И еще раз подумал Федор: непросто, видно, разорвать привычный круг коловращения, и что-то ждет его впереди, коли самые близкие люди понять его не хотят или просто не могут. А как же понять преуспевающего заводчика, который доходы свои немалые на скомороший грош променять норовит! Одно имя ему – сумасброд, и место его – с тяглецами и оплеталами в ярославском остроге.

И, как ни странно, мысли эти не только не испугали Федора, не привели в смущение, но напротив – еще более укрепили в вере своей: показать же людям надо, сколь погрязли они в мелочной суете и в невежестве беспробудном, разбудить их души от той дремучей спячки, в коей пребывают.

– Не-ет, это не шутка, – задумчиво сказал Федор, продолжая свою мысль уже вслух. – Не хлебом единым жив человек… Да что толковать-то об этом!

И чтоб более не видеть расстройства Петра Лукича да Аннушки, поблагодарил он за хлеб-соль и решил учителей своих проведать.

Наутро собрался в дорогу. И вот сидели теперь они, Петр Лукич и Федор, друг против друга в горнице, и сказать им было нечего.

– Стало быть, объединили земли, – глухо повторил Петр Лукич и спросил уже без всякой надежды: – А может, все-таки?.. – И не договорил, махнул рукой. – Бог тебе судья, Федор Григорьич. Делай как знаешь.

На том и простились. Аннушка и провожать не вышла.

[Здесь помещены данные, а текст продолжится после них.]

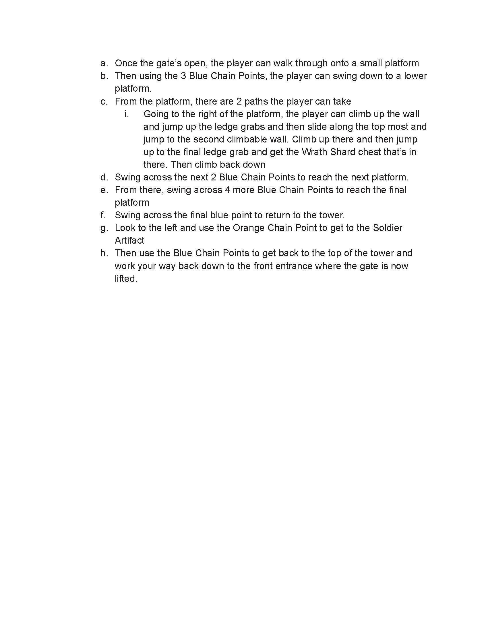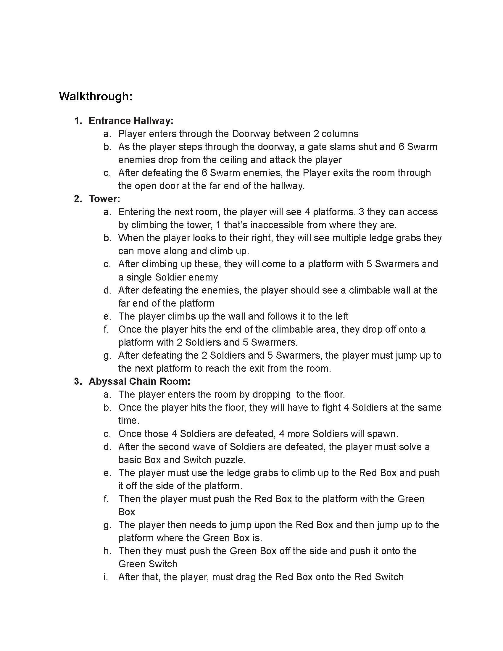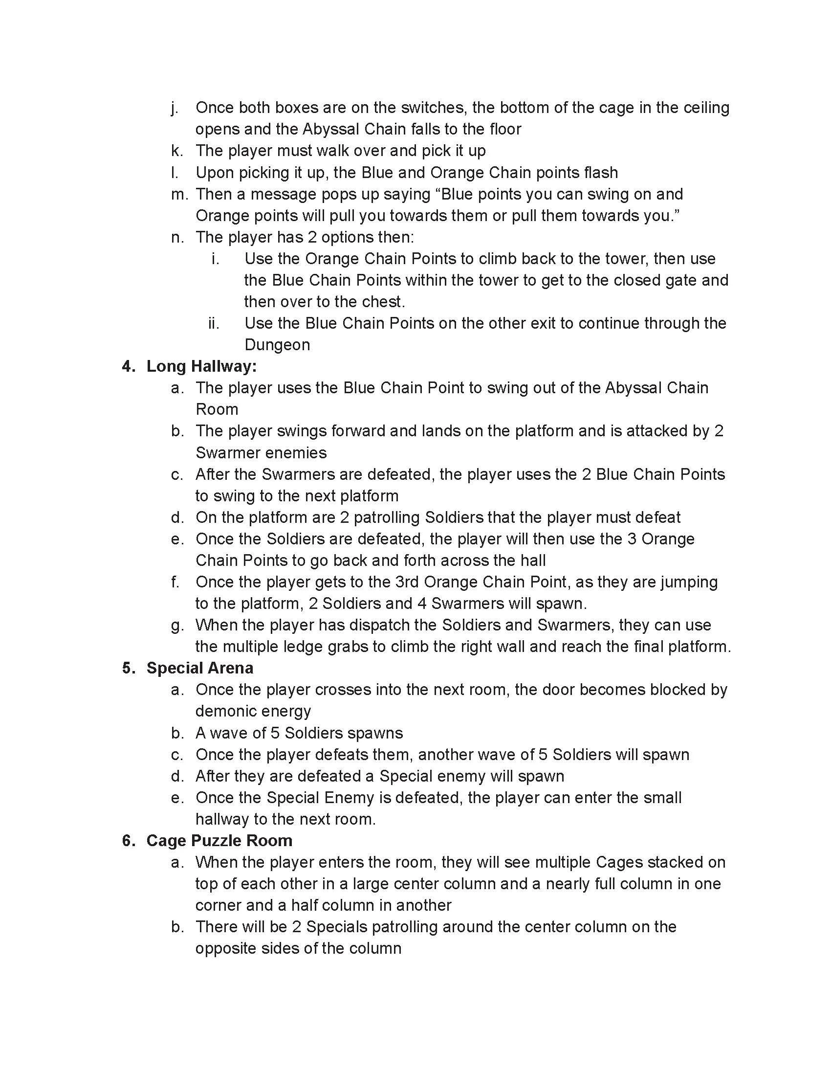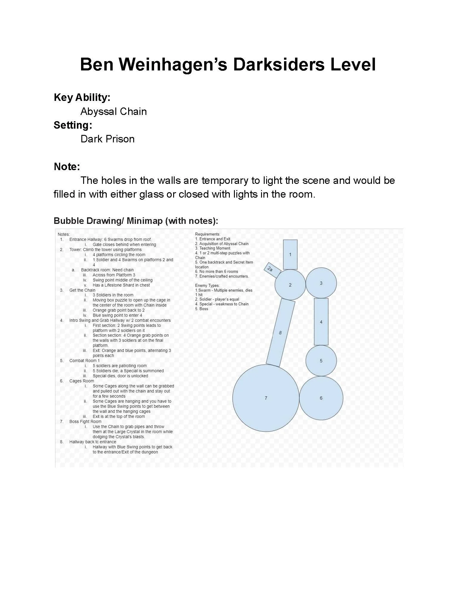 Darksiders Level Design Test: Paper Design The Basic Layout and Overview of my Abyssal Chain/Hookshot Level Design, with Bubble Map included with basic breakdown and notes. Description and base designs of major Beat rooms within level. Including Boss and Enemy Encounters. A Detailed Walkthrough of how the level flows and What should be included in each room.

Купец Мякушкин, вышедший когда-то из «дела» Федора Васильевича Полушкина «за недостатком средств», чтоб окончательно не обнищать, занялся «варением скотской крови» в бывшем кожевенном амбаре, что стоял на Никольской улице. Привычны были обыватели к родным миазмам и носов не зажимали. Однако, когда Мякушкин произвождение свое на полную силу пустил, поняли, что от такого зловония не только их здоровью вред, но и самой жизни урон причиниться может. И тогда сотские донесли в магистрат: «Всегда безмерный смрад происходит, и воздух так им заражен, что близ оного дома живущим людям не токмо на двор и на улицу выходить, но и жить поблизости весьма трудно…»

Магистрат приказал «варение» уничтожить, а сотских строго-настрого обязал: «Ежели в которой-либо сотне смрадный воздух произойдет, в том магистрату доносить в самой скорости».

Вот этот-то обширный амбар, построенный еще при государе Петре Алексеевиче, и приметил для себя Федор. Сразу ж и сторговал его на лето у довольного купца за пять рублей, с тем, однако, чтоб Мякушкин «препятствиев ему никаких не чинил».

Рьяно взялся Федор за свою затею, и на первом же семейном совете поняли братья, что слово старшего непоколебимо.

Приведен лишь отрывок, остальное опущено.